### DATA RECORDS

BEGIN

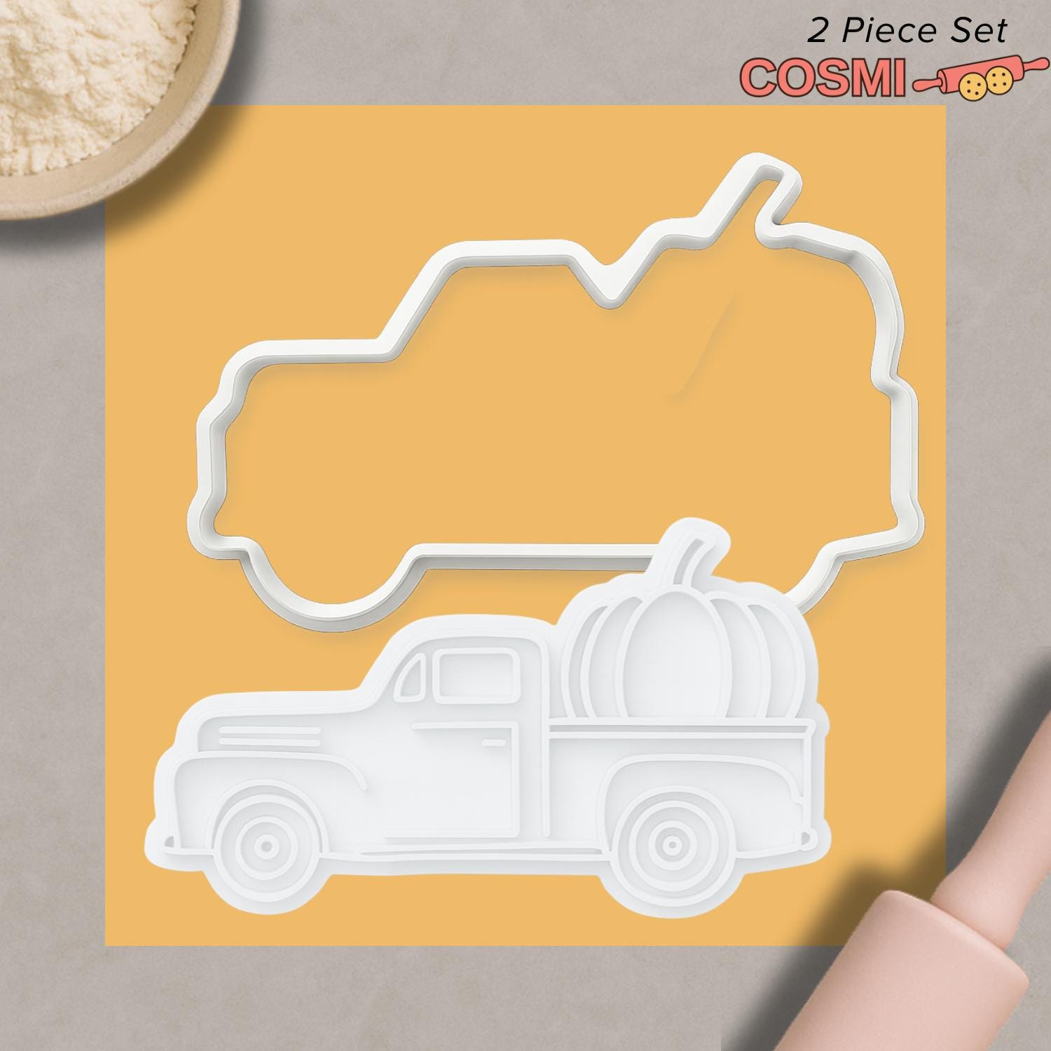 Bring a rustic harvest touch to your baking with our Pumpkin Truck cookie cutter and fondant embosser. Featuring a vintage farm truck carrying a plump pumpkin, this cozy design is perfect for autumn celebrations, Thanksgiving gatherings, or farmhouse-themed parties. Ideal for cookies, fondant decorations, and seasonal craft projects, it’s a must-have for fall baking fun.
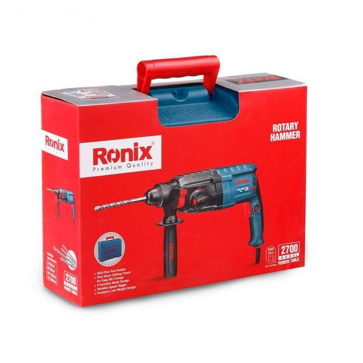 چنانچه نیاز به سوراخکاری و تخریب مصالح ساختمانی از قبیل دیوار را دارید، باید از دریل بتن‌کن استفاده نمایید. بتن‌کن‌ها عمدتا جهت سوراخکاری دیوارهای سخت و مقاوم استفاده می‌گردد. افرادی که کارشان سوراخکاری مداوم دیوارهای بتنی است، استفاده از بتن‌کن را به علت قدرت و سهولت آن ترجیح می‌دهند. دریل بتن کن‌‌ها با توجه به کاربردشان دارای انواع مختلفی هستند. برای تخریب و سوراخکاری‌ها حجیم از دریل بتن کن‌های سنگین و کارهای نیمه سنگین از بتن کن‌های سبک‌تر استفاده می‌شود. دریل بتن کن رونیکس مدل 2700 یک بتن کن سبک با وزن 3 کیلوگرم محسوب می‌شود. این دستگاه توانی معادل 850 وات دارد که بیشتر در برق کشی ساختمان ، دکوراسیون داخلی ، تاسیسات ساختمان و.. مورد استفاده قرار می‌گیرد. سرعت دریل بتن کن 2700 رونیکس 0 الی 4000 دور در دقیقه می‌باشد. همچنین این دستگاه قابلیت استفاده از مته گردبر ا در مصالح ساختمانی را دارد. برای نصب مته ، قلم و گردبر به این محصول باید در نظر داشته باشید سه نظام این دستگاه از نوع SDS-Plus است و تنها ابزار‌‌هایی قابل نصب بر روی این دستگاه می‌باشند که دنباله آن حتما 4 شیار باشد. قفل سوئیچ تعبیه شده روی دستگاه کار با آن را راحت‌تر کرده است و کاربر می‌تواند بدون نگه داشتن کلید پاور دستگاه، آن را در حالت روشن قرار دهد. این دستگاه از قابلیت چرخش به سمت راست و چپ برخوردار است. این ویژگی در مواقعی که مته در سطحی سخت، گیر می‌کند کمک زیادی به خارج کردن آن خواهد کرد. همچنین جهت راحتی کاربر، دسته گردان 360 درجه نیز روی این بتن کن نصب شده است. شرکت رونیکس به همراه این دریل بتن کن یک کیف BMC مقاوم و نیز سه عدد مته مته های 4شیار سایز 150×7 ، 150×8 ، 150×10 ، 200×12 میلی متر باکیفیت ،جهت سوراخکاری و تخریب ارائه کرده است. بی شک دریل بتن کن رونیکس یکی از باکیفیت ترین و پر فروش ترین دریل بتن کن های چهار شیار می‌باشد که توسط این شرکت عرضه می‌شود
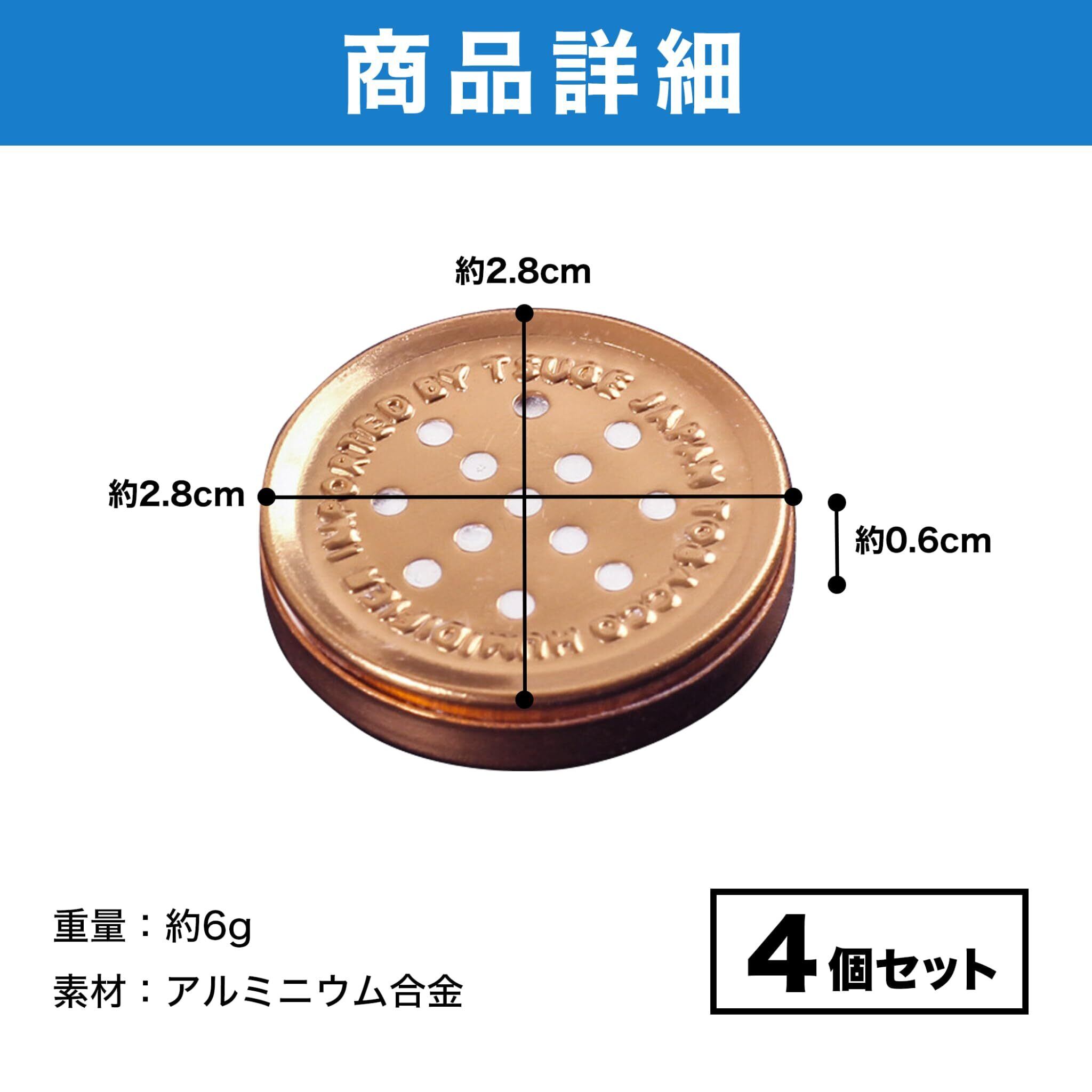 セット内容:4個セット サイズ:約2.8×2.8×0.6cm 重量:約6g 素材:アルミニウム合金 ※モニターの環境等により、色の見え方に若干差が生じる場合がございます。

END
BEGIN

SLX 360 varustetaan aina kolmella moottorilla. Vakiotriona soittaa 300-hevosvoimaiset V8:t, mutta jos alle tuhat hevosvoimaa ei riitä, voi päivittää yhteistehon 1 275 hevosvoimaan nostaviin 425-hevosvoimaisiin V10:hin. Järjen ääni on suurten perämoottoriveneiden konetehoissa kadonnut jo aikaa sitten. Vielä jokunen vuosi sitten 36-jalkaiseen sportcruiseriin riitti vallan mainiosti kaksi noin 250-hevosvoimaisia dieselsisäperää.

END
BEGIN

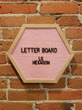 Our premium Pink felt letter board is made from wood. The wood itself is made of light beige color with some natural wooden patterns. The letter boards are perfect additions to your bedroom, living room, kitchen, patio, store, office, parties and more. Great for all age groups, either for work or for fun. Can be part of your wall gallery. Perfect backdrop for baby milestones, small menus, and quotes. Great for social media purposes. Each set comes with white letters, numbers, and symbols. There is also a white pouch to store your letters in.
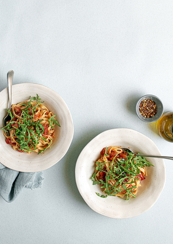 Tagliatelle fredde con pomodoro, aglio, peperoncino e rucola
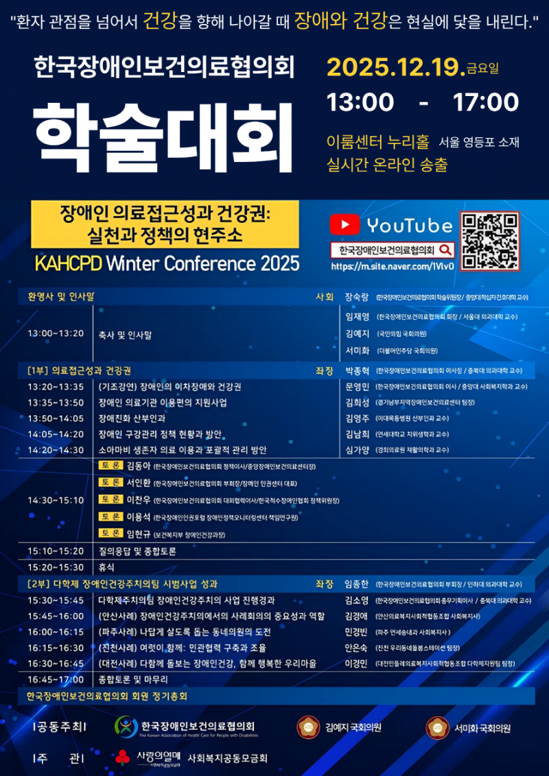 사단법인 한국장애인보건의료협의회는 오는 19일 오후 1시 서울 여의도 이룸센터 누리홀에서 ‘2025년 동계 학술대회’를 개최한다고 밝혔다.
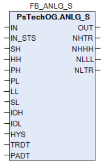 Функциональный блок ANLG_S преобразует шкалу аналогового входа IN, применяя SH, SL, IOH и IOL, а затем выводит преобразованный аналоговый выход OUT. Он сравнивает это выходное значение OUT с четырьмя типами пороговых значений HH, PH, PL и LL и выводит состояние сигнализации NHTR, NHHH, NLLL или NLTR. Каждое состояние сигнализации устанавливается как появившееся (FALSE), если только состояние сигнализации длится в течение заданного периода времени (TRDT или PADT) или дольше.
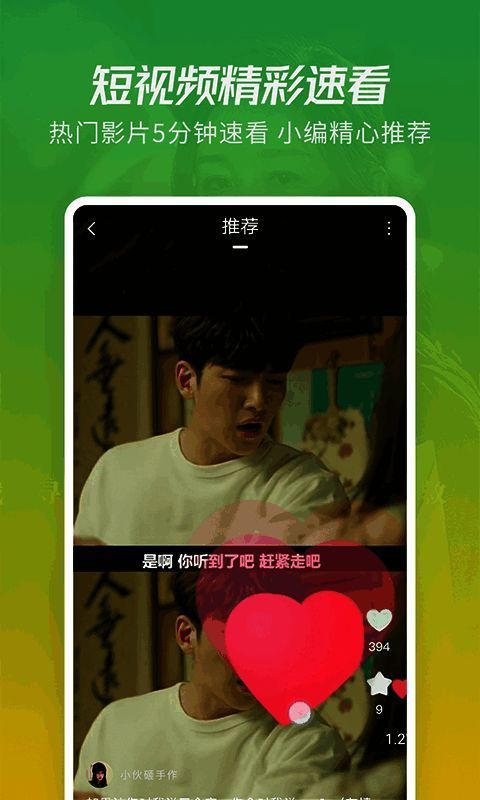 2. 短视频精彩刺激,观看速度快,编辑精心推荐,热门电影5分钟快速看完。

END

### TASK PROMPT
Your answer must be the lines above from the one holding "Tagliatelle fredde con" up to and including the one holding "사단법인 한국장애인보건의료협의회는 오는", exact and with no pictures.

### RESPONSE BELOW
 Tagliatelle fredde con pomodoro, aglio, peperoncino e rucola
 사단법인 한국장애인보건의료협의회는 오는 19일 오후 1시 서울 여의도 이룸센터 누리홀에서 ‘2025년 동계 학술대회’를 개최한다고 밝혔다.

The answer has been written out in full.